*** Begin section ***

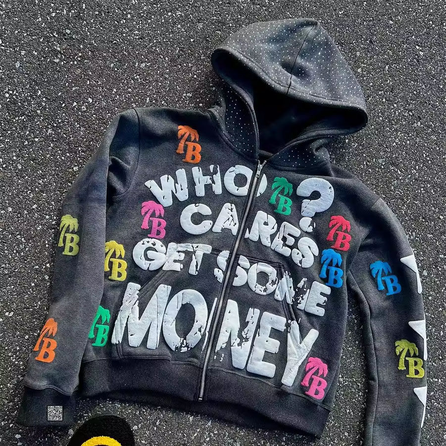 เสื้อฮู้ดดี้ครอปซิป Glory Custom ประดับเพชรเทียม ผ้าฝ้าย 100% ซักแล้ว พิมพ์ลายสกรีน สำหรับผู้ชาย สไตล์ฮิปฮอป ปี 2026
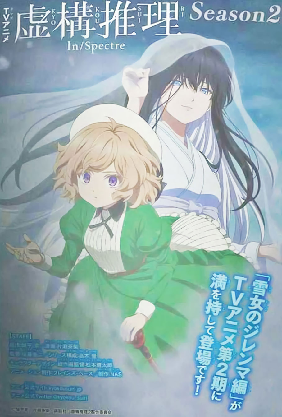 Como algunos sabrán, la segunda temporada de la adaptación al anime de la novela ligera Kyokou Suiri (In/Spectre) está programada para estrenarse en el transcurso de este año, sin embargo, por el momento no hay ningún comunicado oficial sobre en que mes se podría estrenar esta nueva temporada. Sin embargo, es aquí en donde los insiders entran en acción.
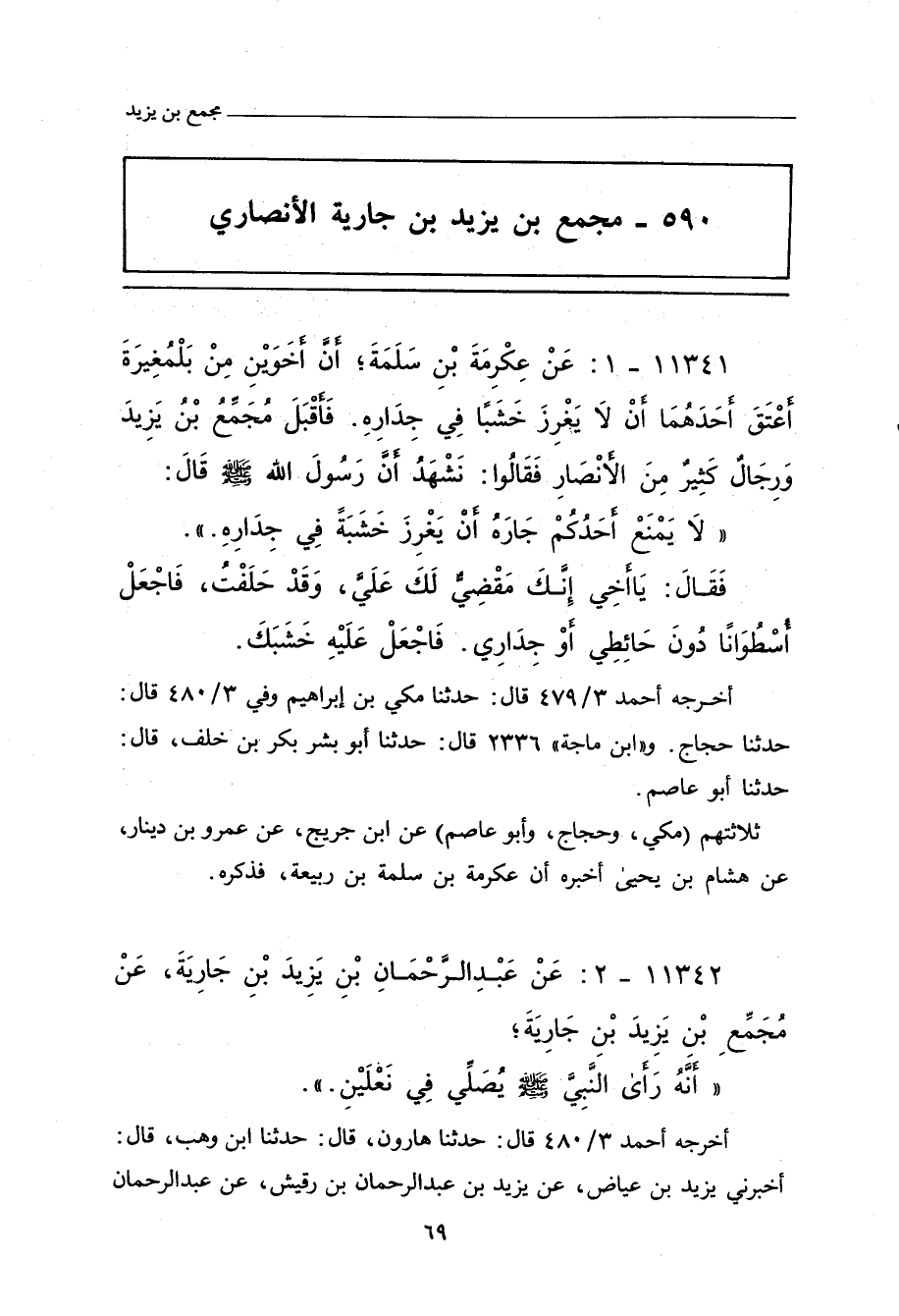 ١١٣٤١ - عَنْ عِكْرِمَةَ بْنِ سَلَمَةَ، أَنَّ أَخَوَيْنِ مِنْ بَلْمُغِيرَةَ أَعْتَقَ أَحَدُهُمَا أَنْ لَا يَغْرِزَ خَشَبًا فِي جِدَارِهِ، فَأَقْبَلَ مُجَمِّعُ بْنُ يَزِيدَ، وَرِجَالٌ كَثِيرٌ مِنَ الأَنْصَارِ، فَقَالُوا: نَشْهَدُ أَنَّ رَسُولَ اللهِ صلى الله عليه وسلم قَالَ:

*** End section ***

What this task involves | Exactly reproduce the lines beginning at the one that contains "Como algunos sabrán, la" and ending at the final line of the material, with the pictures left out.

Solution |
 Como algunos sabrán, la segunda temporada de la adaptación al anime de la novela ligera Kyokou Suiri (In/Spectre) está programada para estrenarse en el transcurso de este año, sin embargo, por el momento no hay ningún comunicado oficial sobre en que mes se podría estrenar esta nueva temporada. Sin embargo, es aquí en donde los insiders entran en acción.
 ١١٣٤١ - عَنْ عِكْرِمَةَ بْنِ سَلَمَةَ، أَنَّ أَخَوَيْنِ مِنْ بَلْمُغِيرَةَ أَعْتَقَ أَحَدُهُمَا أَنْ لَا يَغْرِزَ خَشَبًا فِي جِدَارِهِ، فَأَقْبَلَ مُجَمِّعُ بْنُ يَزِيدَ، وَرِجَالٌ كَثِيرٌ مِنَ الأَنْصَارِ، فَقَالُوا: نَشْهَدُ أَنَّ رَسُولَ اللهِ صلى الله عليه وسلم قَالَ:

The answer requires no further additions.